PROBLEM TO SOLVE: Please reproduce the lines from the one containing "Svetsningen av ramar" through the end of the data below exactly as they stand, and omit all pictures.

DATA FOR THE TASK:
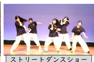
ストリートダンスショー
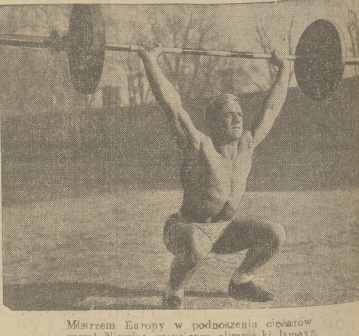
Mistrzyni Europy w podnoszeniu ciężarów...

Synowicy przez pp. Doktorów „BALSAM TRICOLORAN AGES” przy gryzicy, brzo-
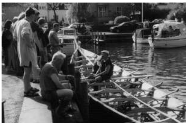
Tilia ved kaj i Silkeborg.

I løbet af lørdagen var vi ude at sejle flere gange. Som tak for hjælpen med at søsætte Tilia var flere af folkene fra Prindsens Hverving og Silkeborg Museum med ude at sejle. Det er en fornøjelse at have folk om bord, der
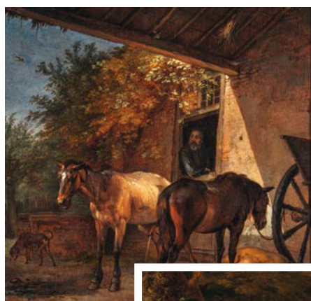
'Open schuur met twee ploegpaarden', Paulus Potter, 1649, langdurige bruikleen collectie Van der Velden-Teurlings
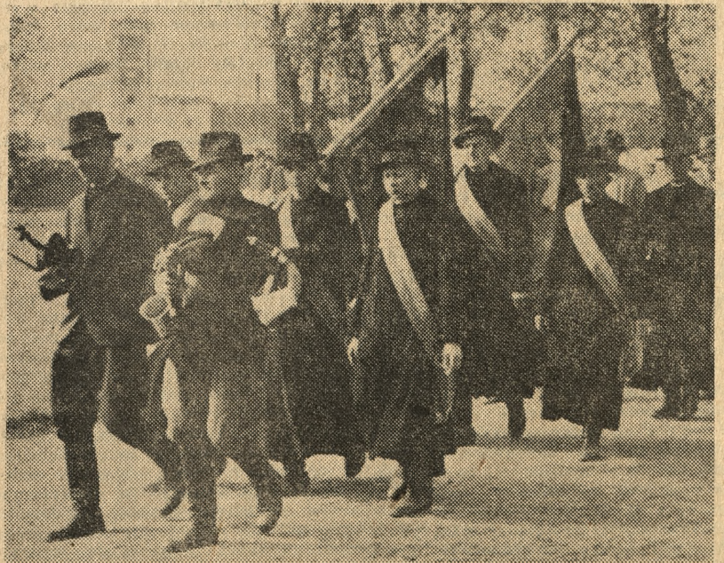
Z sztandarami na Święto Ludowe
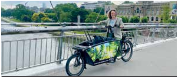
Viel Kapazität bietet das am Rewe-Markt stationierte Lastenrad aus Frankfurt.

Nachhaltige Mobilität zur Aktion STADTRADELN leicht gemacht – Zwei E-Lastenräder stehen bereit
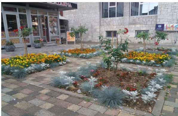
Slika 6. Cvjetne gredice u centru Bihaća – Situacija – 2 (Photo: B. Dorbić, 2018).
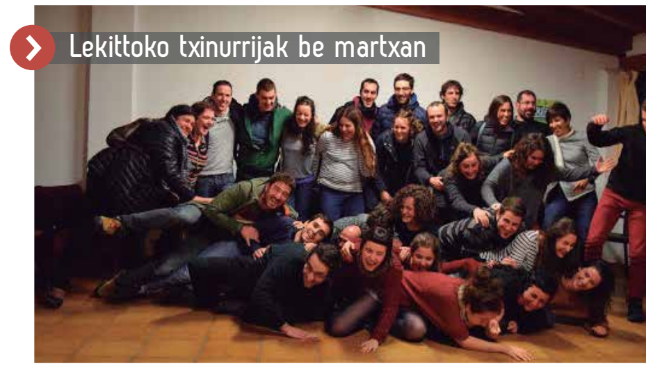
Lekittoko txinurrijak be martxan

> Ezker Abertzale mailan emondako Abian prozesuaren ondorioak gazte antolakundearen implementatzea. Askapen prozesuaren birtute nagusia historikoki be hori izan da, erakunde ezberdinen arteko koheretia.
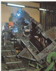
Svetsningen av ramar till Volvo BM Valmet -skotare och basmaskiner sker i speciella fityrur, s k läggeställare.
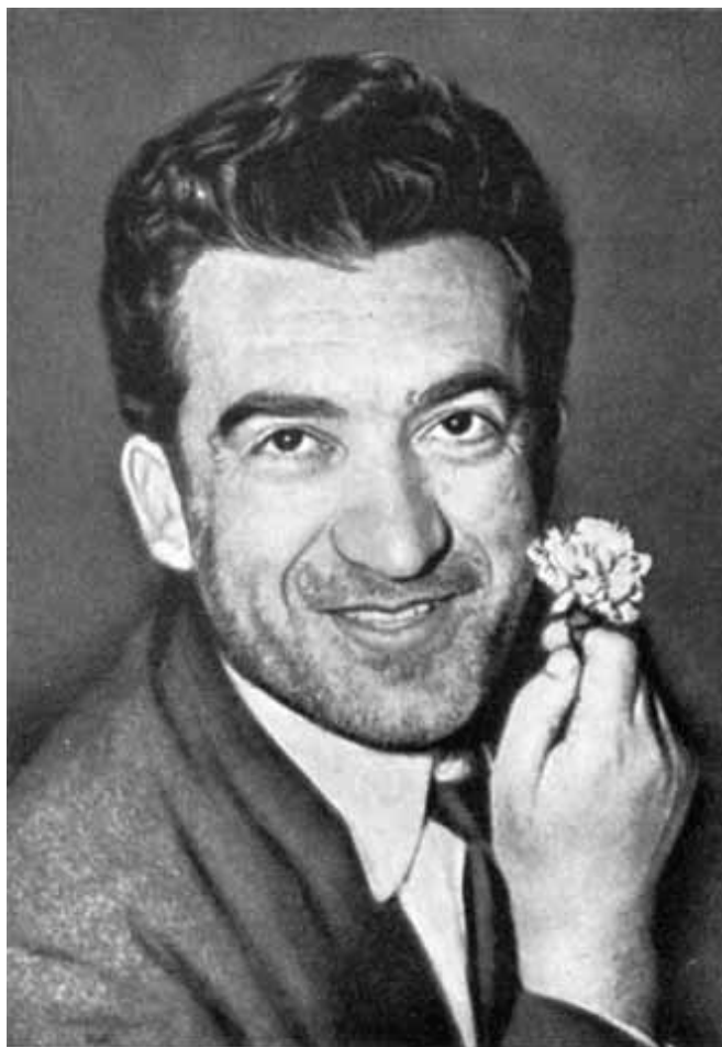
Никос Белояннис с гвоздикой.
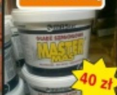
Masa szpachlowa MASTER MAS 18kg
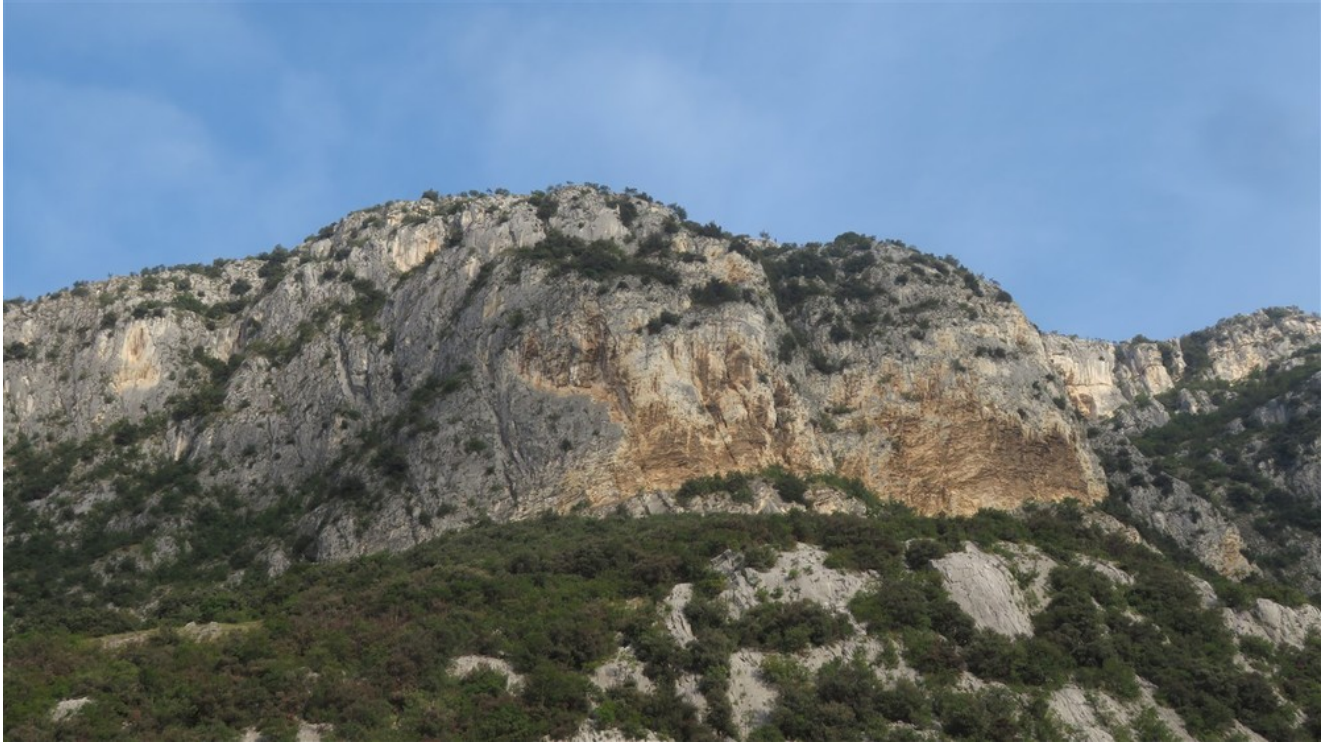
Bastionate di Tessari
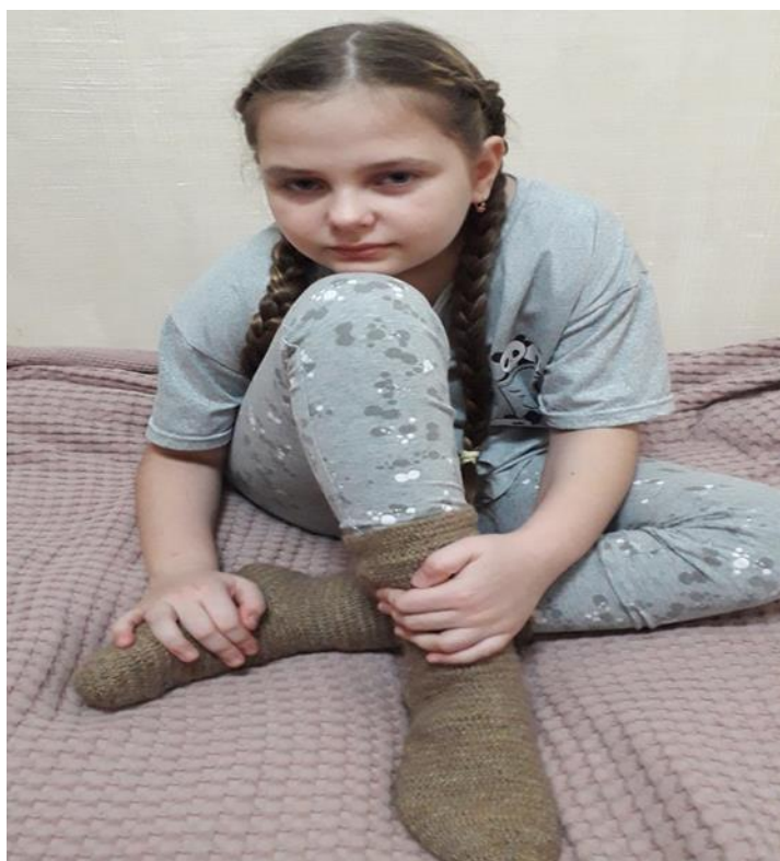
Рисунок 3. Процесс вязания одной иглой

Закончив вывязывание изделия, нить затягиваем, закрепляем и обрезаем. Изделие выворачиваем на изнанку – это будет лицевая сторона. Изделие завершено. Носок готов (Рисунок 4).

EXERCISE SOLUTION:
Svetsningen av ramar till Volvo BM Valmet -skotare och basmaskiner sker i speciella fityrur, s k läggeställare.
Никос Белояннис с гвоздикой.
Masa szpachlowa MASTER MAS 18kg
Bastionate di Tessari
Рисунок 3. Процесс вязания одной иглой

Закончив вывязывание изделия, нить затягиваем, закрепляем и обрезаем. Изделие выворачиваем на изнанку – это будет лицевая сторона. Изделие завершено. Носок готов (Рисунок 4).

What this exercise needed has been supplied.